The Fortran 90 program PELETS-2D is a toolbox that allows for offline Lagrangian transport calculations (i.e. particle tracking) based on 2D current fields stored on at least an hourly basis. The toolbox was developed for its use in connection with model based re-analyses of past atmospheric and sea state conditions in the data base coastDat. Depending on a study's objective, drift simulations may be performed either forward or backward in time. For substances drifting at the water surface an extra wind drift may be taken into account. A recent application of this type is the analysis of trends in chronic oil pollution of the German coast and the interpretation of related beached bird survey data. Example: Chronic Oil Pollution in the German Bight

Two main components of PELETS-2D deal with a) particle tracking based on pre-calculated hydrodynamic fields and b) the setup and evaluation of large ensembles of such simulations.

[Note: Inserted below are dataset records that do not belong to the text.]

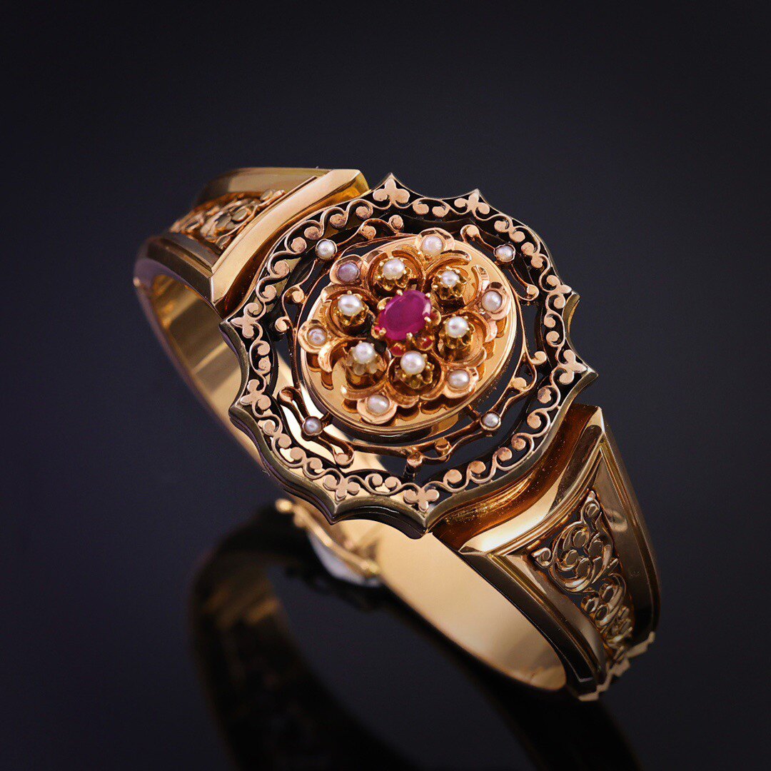 LG1912 девятнадцатого века 18K золото вареное рубиновое браслет
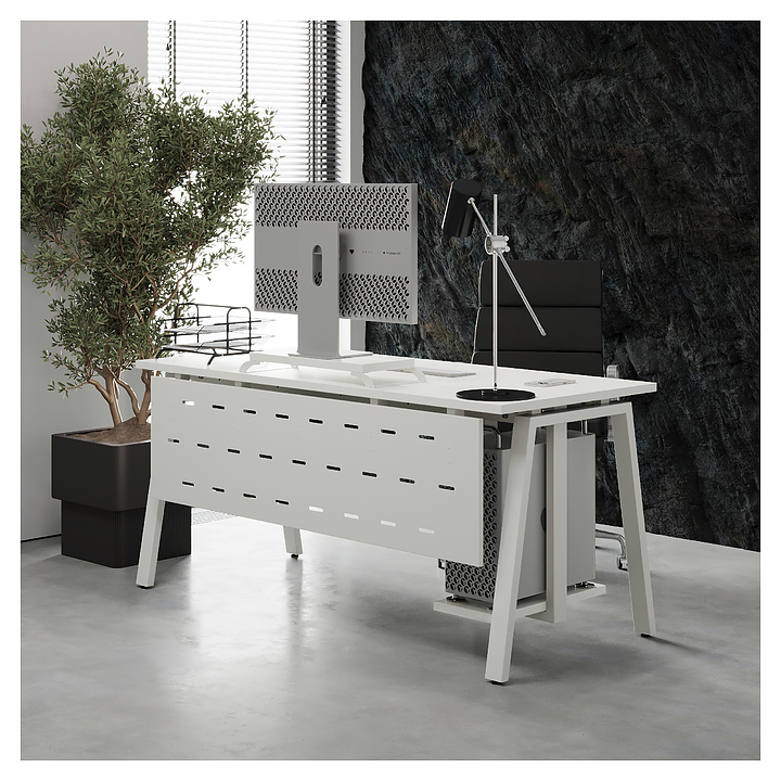 Компьютерный стол Кобор KA-140/70 white/premium используется в офисных помещениях и кабинетах руководителей. Модель оснащена A-образными опорами. Каркас выполнен из металла, выкрашенного в цвет белый муар (RAL9016), столешница – из ламинированной древесно-стружечной плиты (ЛДСП) цвета белый премиум (W1000 ST9). Опции (заказываются отдельно):
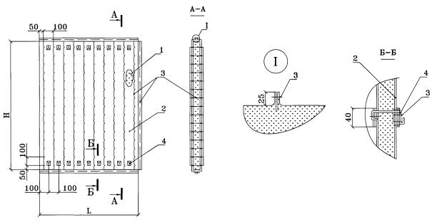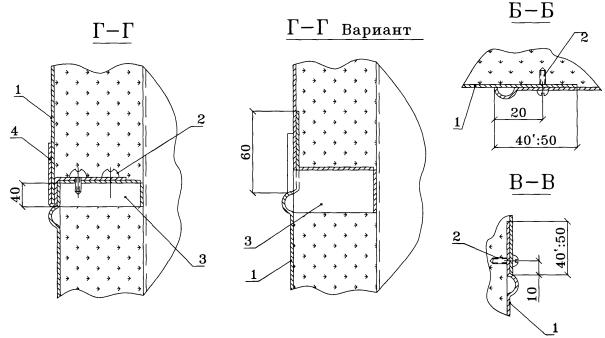 1 - металлическое покрытие 2 - опорное кольцо (для матов марки «KIM») 3 - винт самонарезающий Примечание. При изоляции плитами марки «KLS-K» и матами марки «KVM-50» опорное кольцо (поз. 2) устанавливать только у днищ и фланцевых соединений аппаратов. 4.11. Конструкция защитного покрытия вертикального аппарата (рис. 23, 24)4.11.1. Для вертикальных аппаратов, как и для горизонтальных, применяются металлические защитные покрытия из материалов, указанных в п. 4.10. Крепление защитного покрытия вертикальных аппаратов также осуществляется самонарезающими винтами 4´12 с антикоррозионным покрытием или заклепками. Шаг установки винтов (заклепок): по вертикали - 150 - 200 мм, по горизонтали - не более 300 мм. 4.11.2. В защитном покрытии аппарата по высоте должны быть предусмотрены температурные швы, в которых элементы защитного покрытия опираются на разгружающие устройства или кляммеры и не крепятся по горизонтали (окружности) (разрез Г-Г, рис. 24). Кляммеры могут быть установлены и на листы покрытия предыдущего ряда. По высоте аппарата устанавливаются разгружающие устройства с шагом по высоте не более 3 - 4 м. Разгружающие кольца устанавливаются также у верхнего и нижнего днищ аппаратов. Для придания конструкции защитного покрытия жесткости элементы покрытия должны быть прозигованы. Рис. 23. Конструкция металлического покрытия тепловой изоляции для вертикальных аппаратов и резервуаров 1 - металлическое покрытие 2 - винт самонарезающий 3 - разгружающее устройство 4 - кляммеры Рис. 24. Разрезы к рис. 23. Сопряжения элементов покрытия из металлических листов Позиции указаны на рис. 23. 4.12. Тепловая изоляция газоходов и воздуховодов прямоугольного сечения4.12.1. В конструкциях тепловой изоляции газоходов или воздуховодов прямоугольного сечения рекомендуется применять плиты марки «ISOTEC KLS-K» и маты марки «ISOTEC KIM-AL». Крепление теплоизоляционного слоя предусмотрено с помощью штырей (приварных, вставных) и бандажей (рис. 25). На углах газоходов под бандажи или заменяющие их проволочные кольца устанавливают металлические подкладки из материала покрытия. Для крепления покрытия тепловой изоляции газоходов большого сечения к изолируемой поверхности привариваются скобы из ленты 3´30. Под покрытие на скобы устанавливаются прокладки из асбестового картона (узел I, рис. 26). Металлическое защитное покрытие устанавливается на поверхность изоляции и крепится к скобам болтами и гайками. Листы защитного покрытия между собой скрепляются винтами. 4.12.2. При изоляции воздуховодов приточной вентиляции по плитам марки «ISOTEC KLS-K» следует предусматривать пароизоляционный слой. Количество пароизоляционных слоев определяется СНиП 41-03-2003 «Тепловая изоляция оборудования и трубопроводов». Для предотвращения повреждения пароизоляционного слоя при применении металлического защитного покрытия рекомендуется установка предохранительного слоя из матов марок «ISOVER KT-11-TWIN», «ISOVER 610-KT-11-TWIN». При изоляции воздуховодов приточной вентиляции по матам марки «ISOTEC KIM-AL» пароизоляционный слой не предусматривается. К скобам вместо прокладок из асбестового картона крепятся деревянные бруски (разрез Г-Г, рис. 26). Места стыковки пароизоляционного слоя с брусками герметизируются. Вместо металлических скоб может применяться каркас из деревянных брусков, устанавливаемых на поверхности воздуховода. В этом случае защит
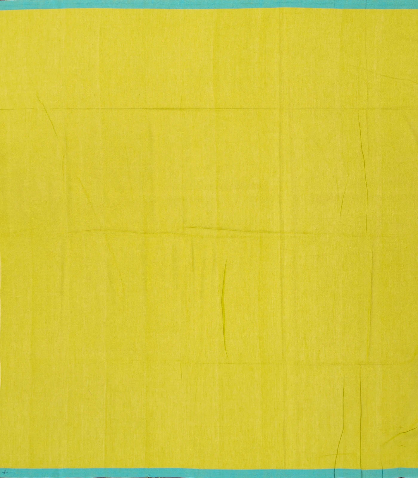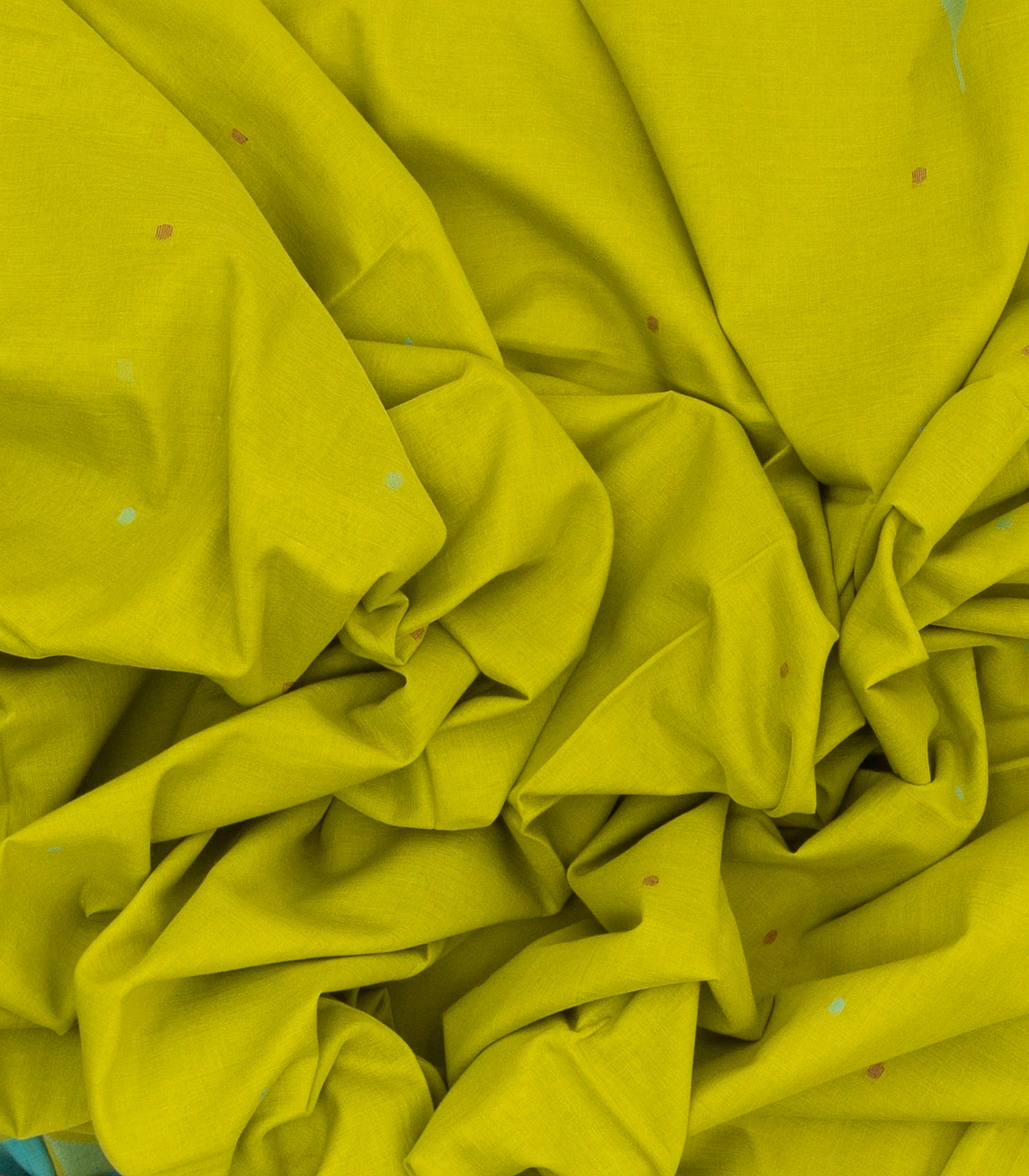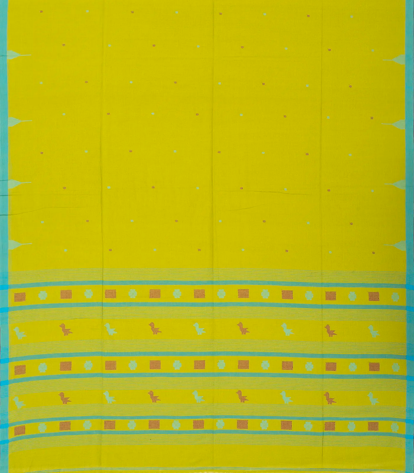 This handwoven bengal cotton saree is filled with coin buttas in light green body along with contrast temple border and pallu
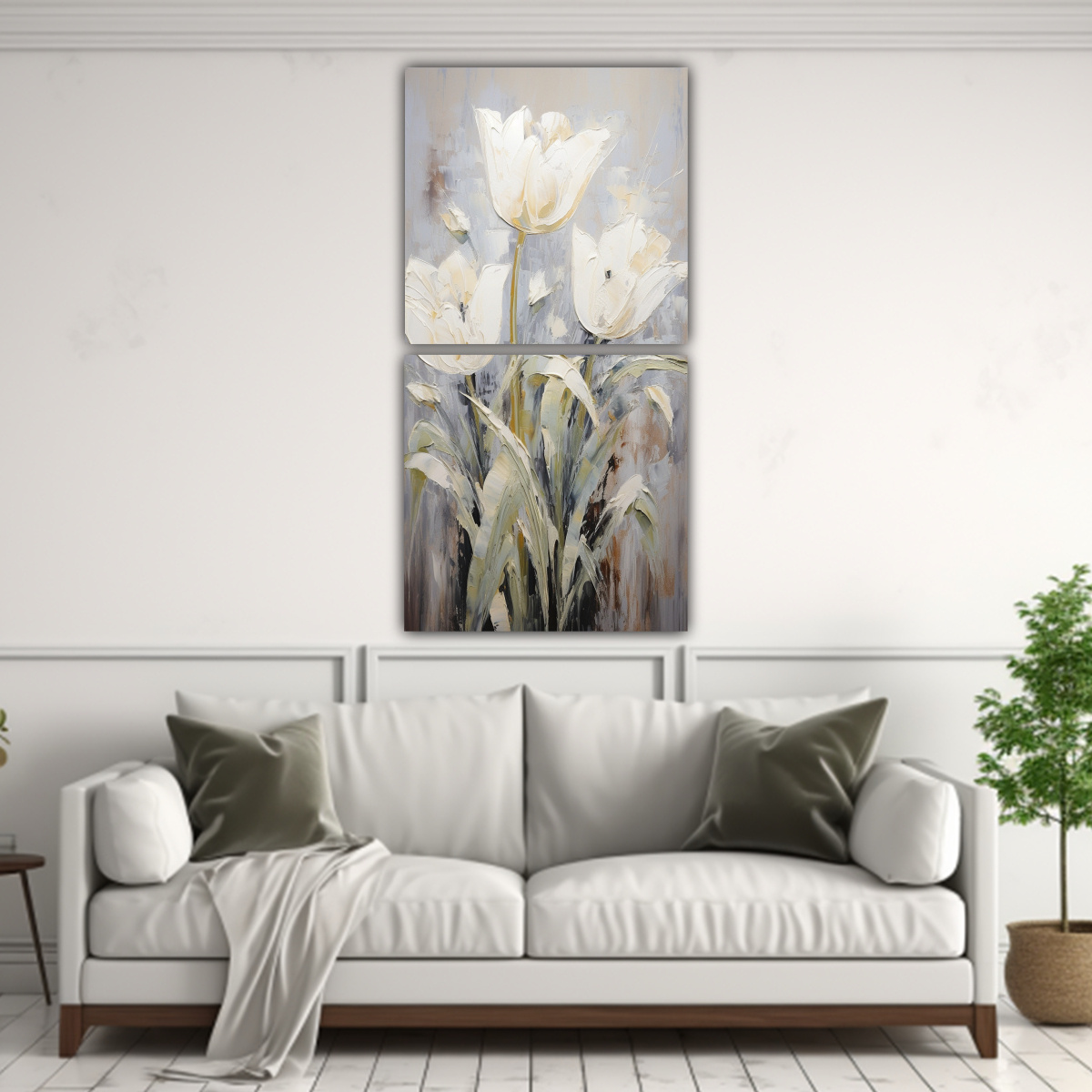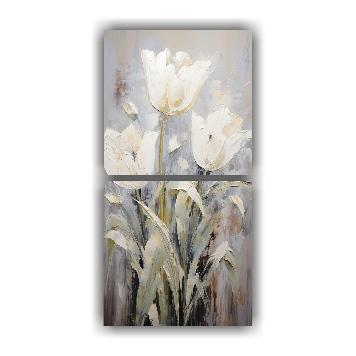 Este hermoso cuadro de Tulipanes Blancos estilo pintura sobre lienzo es ideal para agregar un toque de paz y serenidad a tu sala de estar o dormitorio Colócalo sobre un mueble en tonos neutros, como beige o gris, para resaltar los detalles intrincados en Plateado, Azul Marino grisaceo, Gris, Dorado y Beige Combínalo con cojines en tonos suaves y una cortina ligera para crear una atmósfera relajante y elegante en tu espacio

Particle tracking algorithm

The PELETS-2D algorithm is adapted to two-dimensional current fields on unstructured triangular grids. Transport velocities for particles are updated by linear interpolation between two nodes each time a particle crosses an edge of the underlying triangular grid. As a result of this approach time steps used in PELETS-2D are not constant. Times between velocity updates implicitly shrink as soon as particles enter regions with higher spatial resolution. In regions where spatial resolution is very poor, however, an upper limit for the time step may become effective.

In the case of velocity fields that originated from hydrodynamic simulations on a rectangular grid, the grid topology must be pre-processed in such a way that diagonals are added in each grid cell. This simple approach to the emulation of a triangular grid does not change the information content of the hydrodynamic fields. The only practical implication of the additional edges is that updates of particle velocities are triggered each time particles cross them.

Ensemble simulations

PELETS-2D supports dealing with large ensembles of particle cloud simulations. Simulations may be initialized, for instance, with constant time lags so as to properly cover different atmospheric conditions with an implicit weighting according to the frequency of their occurrence in the coastDat re-analyses. Alternatively, simulations may be scheduled to meet special requirements of biological studies (e.g. the selection of specific seasons), for instance. PELETS-2D provides a couple of general tools for the evaluation of such large ensembles.

Each simulation of an individual particle cloud involves integration of a certain number of trajectories, initialized at random within one or a couple of source regions. These user defined source regions are delimited by arbitrarily shaped polygons. Optional weighting of initial local particle densities with water depth should be applied when particles are meant to represent water volumes. For material drifting on the surface (e.g. oil slicks), a depth weighted initialization is not meaningful. Initial partitioning of particles between different source regions can either be uniform or weighted with each subregion's area.

Similar to the set of source regions, users may define a set of target or receptor regions. Then the basic type of information stored (on an hourly basis) will be the number of particles from each source region that a) presently reside within a given receptor region and b) have visited this receptor region at any time since particle tracking was started. In addition the distribution of travel times is described in terms of ten percentiles. In PELETS-2D travel time is specified as the time of first arrival in a given receptor region. Ensemble simulations provide detailed information that can be either averaged to obtain composite presentations or subjected to Principal Component Analysis (PCA) to obtain dominant patterns of variability.

Details of each particle's trajectory may be stored for the purpose of graphical visualization. For large applications (particle clouds consisting of many particles, large numbers of particle clouds, long integration times), however, storing trajectories will require too many resources.